Как влюбиться без памяти, стр. 37

Адам разбил яйцо, перепачкался и скривился, а потом вылил желток в одну миску, а в другую выбросил скорлупки и белок. Второе яйцо он просто раздавил всмятку, а с третьим более-менее справился. Я попыталась выловить скорлупки из белков. Потом, вместо того чтобы высыпать сахар в желтки, сыпанула его в белки. Я, конечно, попыталась это исправить, но ничего толком не вышло. Надеюсь, наша инструкторша этого не заметила. Адам тихо давился от смеха. Так, теперь добавим ванилин и экстракт лимона. Ну все, можно взбивать. Адам, разумеется, задумался о чем-то своем – надо полагать, о драгоценной Марии. Мне стало смешно, и я мазнула себе взбитым белком по подбородку, так что получилась белая борода, и, обернувшись к нему, произнесла надтреснутым, резким голосом, как у его отца:

– Сын мой, ты должен возглавить компанию! Ты Бэзил, черт подери, ты об этом грезил!

Он удивленно вытаращился на меня, а потом откинул голову и расхохотался – громко, во весь голос, настолько заразительно и весело, что все вокруг оглянулись.

Инструкторша бросила на нас неодобрительный взгляд, Адам извинился, но смех продолжал распирать его изнутри.

– Извините, я на одну минутку, – сказал он и поспешно вышел в коридор, откуда до нас донесся его громкий, всхлипывающий хохот.

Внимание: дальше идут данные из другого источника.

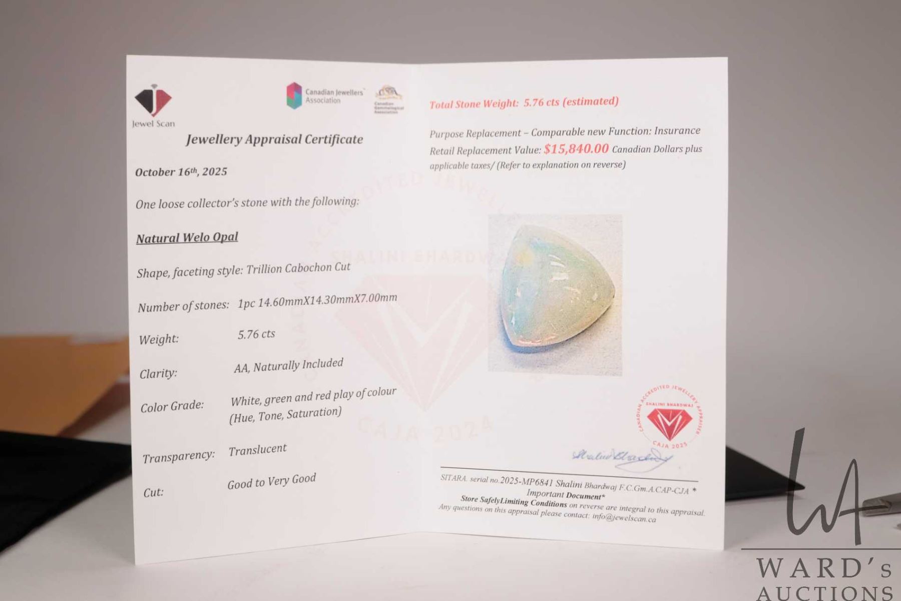 Lot 546 5.76 ct. natural Welo opal trillion cabochon cut gemstone with certificate provided by consignor
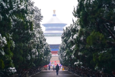 天壇を飾るめでたい雪、古都の春の趣を彩る
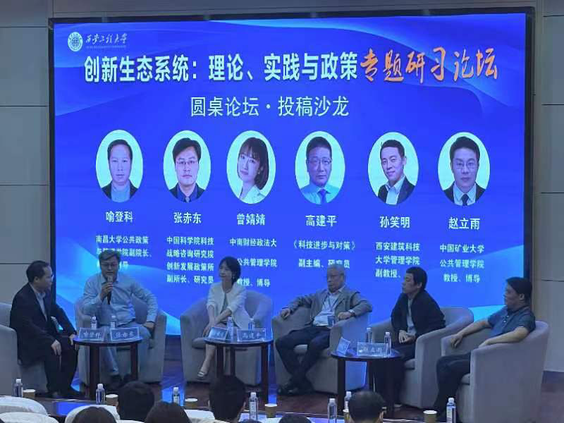 5月27日下午在由《科技进步与对策》杂志副主编高建平、中国科公司科技战略咨询研究院创新发展政策所副所长张赤东、中南财经政法大学公共管理公司教授曾婧婧、西安建筑科技大学管理公司副教授孙笑明及中国矿业大学经济公共管理公司教授赵立雨等进行圆桌会议及投稿沙龙。
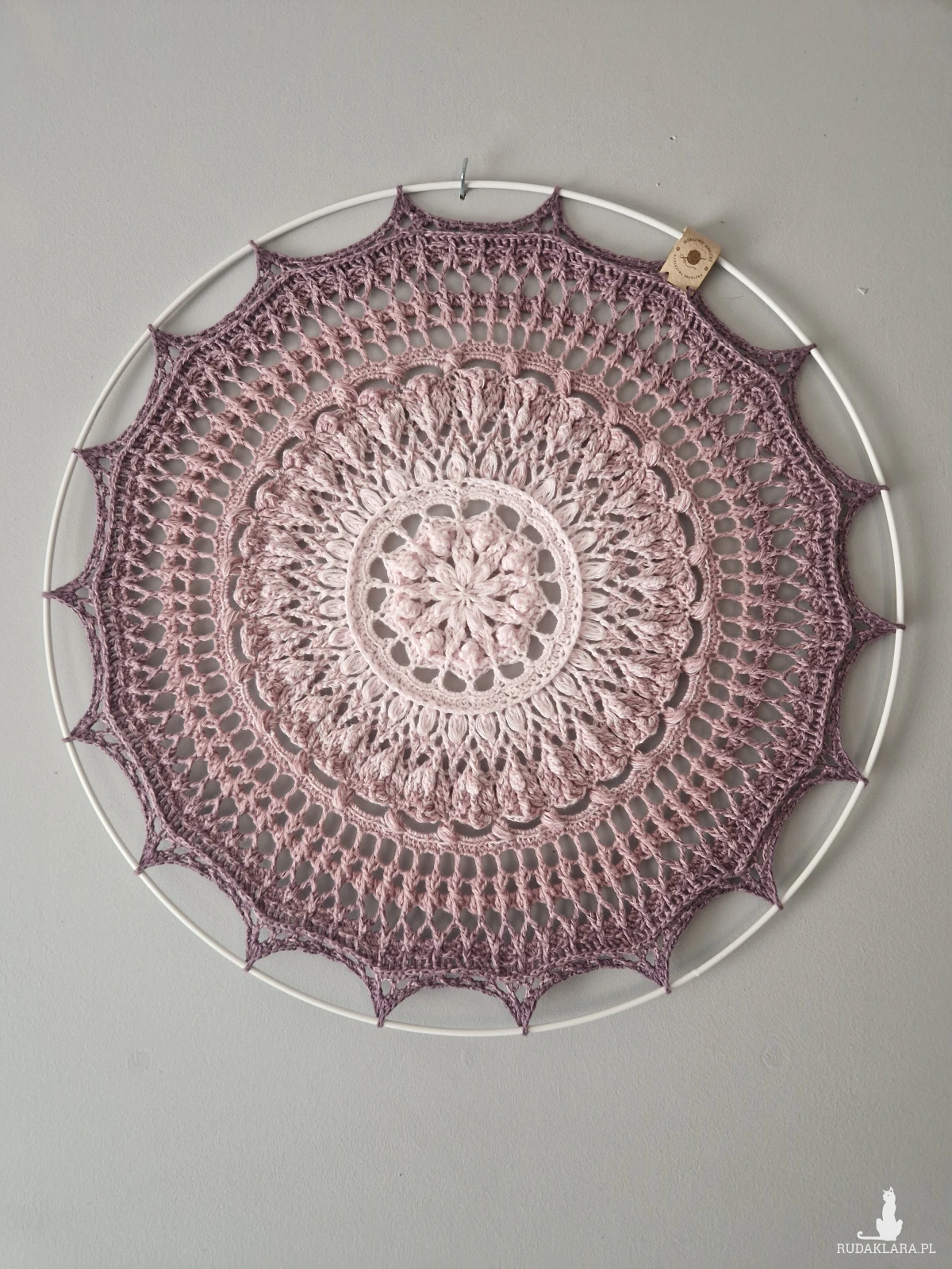 Mandala wykonana jest ręcznie na szydełku. Materiał to 50% akryl i 50% bawełna. Mandala jest rozpięta na białej metalowej obręczy o średnicy 40 cm. Wszystkie użyte materiały są najwyższej jakości, dlatego mandala nie odkształca się i nie mechaci.
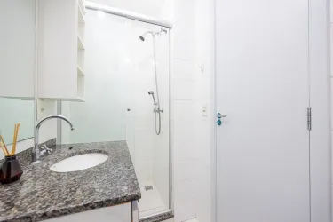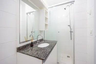 - Banheiro social e suíte com box vidro, espelho e armário;
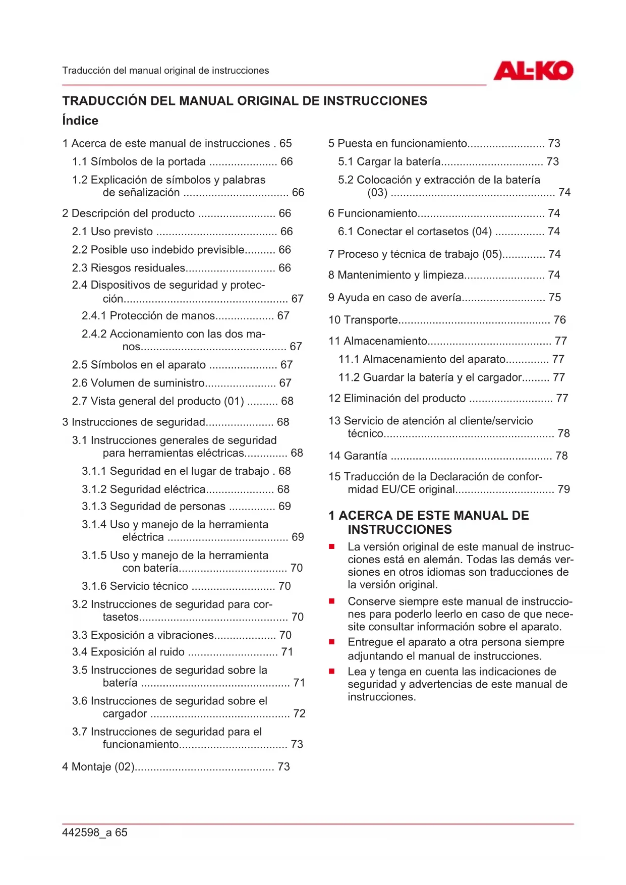 Las piezas de desgaste que están identificadas con el marco xxxxxx (x) en la ficha de piezas de repuesto442598_a 79 Traducción de la Declaración de conformidad EU/CE original El plazo de garantía comienza con la compra por parte del primer comprador final. La fecha del com- probante de compra será determinante. Diríjase al comercio donde compró el aparato o al servicio de atención al cliente autorizado más cercano con esta declaración y el comprobante de compra original. De acuerdo con esta declaración, los derechos del comprador permanecen intactos frente al vende- dor. 15 TRADUCCIÓN DE LA DECLARACIÓN DE CONFORMIDAD EU/CE ORIGINAL Por la presente, declaramos bajo nuestra única responsabilidad que este producto, en la versión que hemos comercializado, cumple los requisitos de las directivas europeas armonizadas, los estándares europeos de seguridad y los estándares específicos del producto. Producto Cortasetos con batería Número de serie G2033012 Fabricante AL-KO Geräte GmbH Ichenhauser Str. 14 89359 Kötz (Alemania) Apoderado para la recopila- ción de la documentación Andreas Hedrich Ichenhauser Str. 14 89359 Kötz (Alemania) Tipo HT 2000 Nivel de potencia acústica EN ISO 3744 medido / garantizado 80,3 dB(A) / 90 dB(A) Directivas UE 2006/42/CE 2014/30/UE 2000/14/CE 2011/65/UE Evaluación de conformidad 2000/14/CE, anexo V Normas armonizadas EN 60745-1 EN 60745-2-15 EN 55014-1 EN 55014-2 EN 62841-4-2:2015 EN 62233 Kötz, 14/08/2018 Dr. Wolfgang Hergeth Managing DirectorIT 80 HT 2000 Traduzione del manuale per l'uso originale

Теперь все в классе смотрели на меня. Я вытерла белую бороду и с улыбкой развела руками.

– Твой пирог в духовке. Будет готов через двадцать минут. На, держи, здесь холодно, – сказала я, подойдя к Адаму сзади. Я протянула ему пальто, затем бокал шампанского. – У нас перерыв десять минут, потом будем покрывать глазурью.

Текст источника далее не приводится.